The `rllab.parallel_sampler`

module takes care of parallelizing the
sampling process and aggregating the collected trajectory data. It is used
by the `BatchPolopt`

class like below:

```
# At the beginning of training, we need to register the environment and the policy
# onto the parallel_sampler
parallel_sampler.populate_task(self.env, self.policy)
# ...
# Within each iteration, we just need to update the policy parameters to
# each worker
cur_params = self.policy.get_param_values()
paths = parallel_sampler.request_samples(
policy_params=cur_params,
max_samples=self.batch_size,
max_path_length=self.max_path_length,
)
```

The returned `paths`

is a list of dictionaries with keys `rewards`

,
`observations`

, `actions`

, `env_infos`

, and `agent_infos`

.
The latter two, `env_infos`

and `agent_infos`

are in turn dictionaries,
whose values are numpy arrays of the environment and agent (policy) information
per time step stacked together. `agent_infos`

will contain at least information
that would be returned by calling `policy.dist_info()`

. For a gaussian
distribution with diagonal variance, this would be the means and the logarithm
of the standard deviations.

After collecting the trajectories, the `process_samples`

method in the
`BatchPolopt`

class computes the empirical returns and advantages by
using the baseline specified through command line arguments (we’ll talk about
this below).
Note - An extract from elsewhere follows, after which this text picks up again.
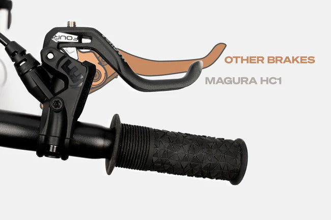 The Magura HC1 brake lever has some of the best reach adjustment on the market – meaning you can set the lever much closer to the handlebars than other brakes, a critical factor in usability for small hands with limited reach.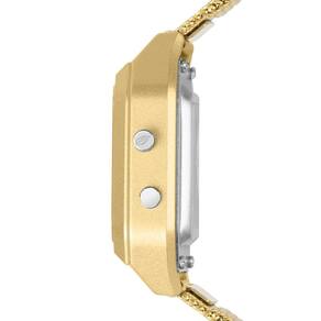 Relógio Vintage apresenta um novo modelo, com pulseira de aço inoxidável em mesh banhado em dourado. A linha traz um relógio único, que apresenta mostrador na cor preto com duas opções de visualização: digital e analógico. Além disso, conta com display com indicação de dia, semana e mês, incluindo alarme e cronômetro. Apresenta resistência à água de 50 metros.

Then it trains the baseline using the collected data, and
concatenates all rewards, observations, etc. together to form a single huge
tensor, just as we did for the basic algorithm implementation.

One different semantics from the basic implementation is that, rather than collecting a fixed number of trajectories with potentially different number of steps per trajectory (if the environment implements a termination condition), we specify a desired total number of samples (i.e. time steps) per iteration. The number of actual samples collected will be around this number, although sometimes slightly larger, to make sure that all trajectories are run until either the horizon or the termination condition is met.